I found another class that was a fusion of yoga and Pilates and while there was no meditation aspect of this class, I loved the way the instructor combined Pilates, which I had never stopped practicing, with my new found love of the Asanas.


It took two full years, but I finally felt good again. I was a healthy weight, I had a regular fitness regime. I realized that when I ran, I was in a very meditative state. I had started practicing Hatha yoga. I was smiling and laughing. I also had a plan for when I left England in a couple of months, and I was glad to be leaving in a place of peace rather than running from a place of fear and/or anger.

What became clear over those two years was that I had not just been suffering from a break-up. I had suffered them before. My heart had been broken, but more than that, my soul had been crushed, my confidence shattered, my self-worth obliterated, my ability to trust and to love lost.

I had to forgive myself.

I had been so angry for allowing myself to be physically abused by one man and emotionally abused by another that I didn’t even know who I was anymore. I didn’t think I deserved love because I felt so much shame. During those two years, I tried to date, but I just wasn’t ready. I never went on more than one or two dates and sex was a non-starter. I didn’t want anyone to touch me. The few times I tried to be intimate with a man, it ended badly, awkwardly and usually with me in tears. I still needed to heal myself. I had to be whole before I could give of myself to someone else. I had to learn to love me first.

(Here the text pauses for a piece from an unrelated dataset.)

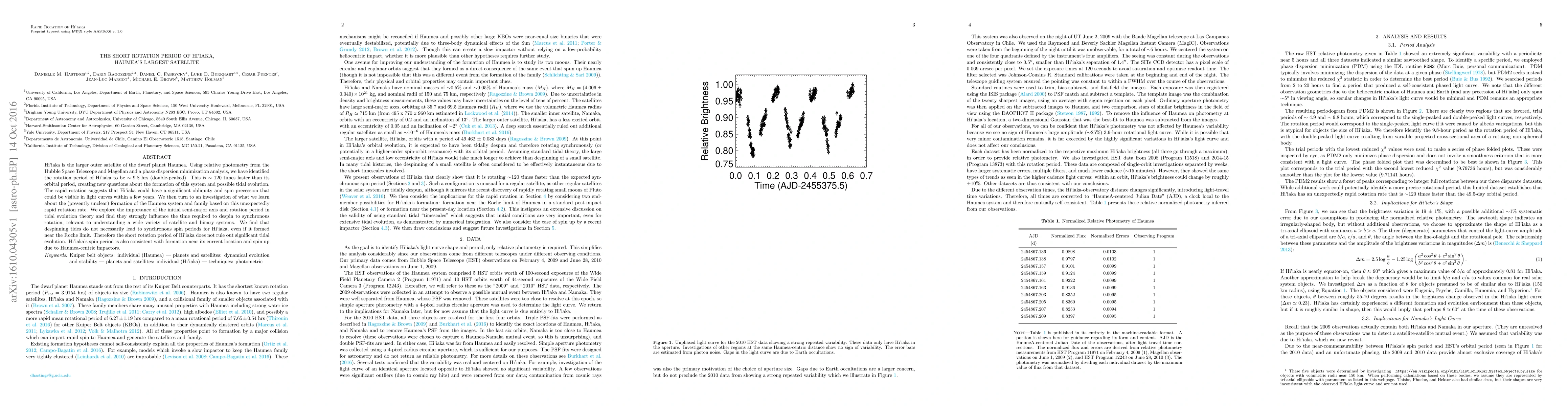Hi'iaka is the larger outer satellite of the dwarf planet Haumea. Using relative photometry from the Hubble Space Telescope and Magellan and a phase dispersion minimization analysis, we have identified the rotation period of Hi'iaka to be ~9.8 hrs (double-peaked). This is ~120 times faster than its orbital period, creating new questions about the formation of this system and possible tidal evolution. The rapid rotation suggests that Hi'iaka could have a significant obliquity and spin precession that could be visible in light curves within a few years. We then turn to an investigation of what we learn about the (presently unclear) formation of the Haumea system and family based on this unexpectedly rapid rotation rate. We explore the importance of the initial semi-major axis and rotation period in tidal evolution theory and find they strongly influence the time required to despin to synchronous rotation, relevant to understanding a wide variety of satellite and binary systems. We find that despinning tides do not necessarily lead to synchronous spin periods for Hi'iaka, even if it formed near the Roche limit. Therefore the short rotation period of Hi'iaka does not rule out significant tidal evolution. Hi'iaka's spin period is also consistent with formation near its current location and spin up due to Haumea-centric impactors.

Yoga has given me toned arms, sure, but more than that, it gave me a chance to be happy and to be whole and just maybe to find someone to whom to give all this love I have in my heart. I felt like the butterfly in me was born, and she was ready to continue exploring the world around her as she was meant to do. What is meant to be will be.

I came out of the place of darkness, and I felt the warmth of light on my soul.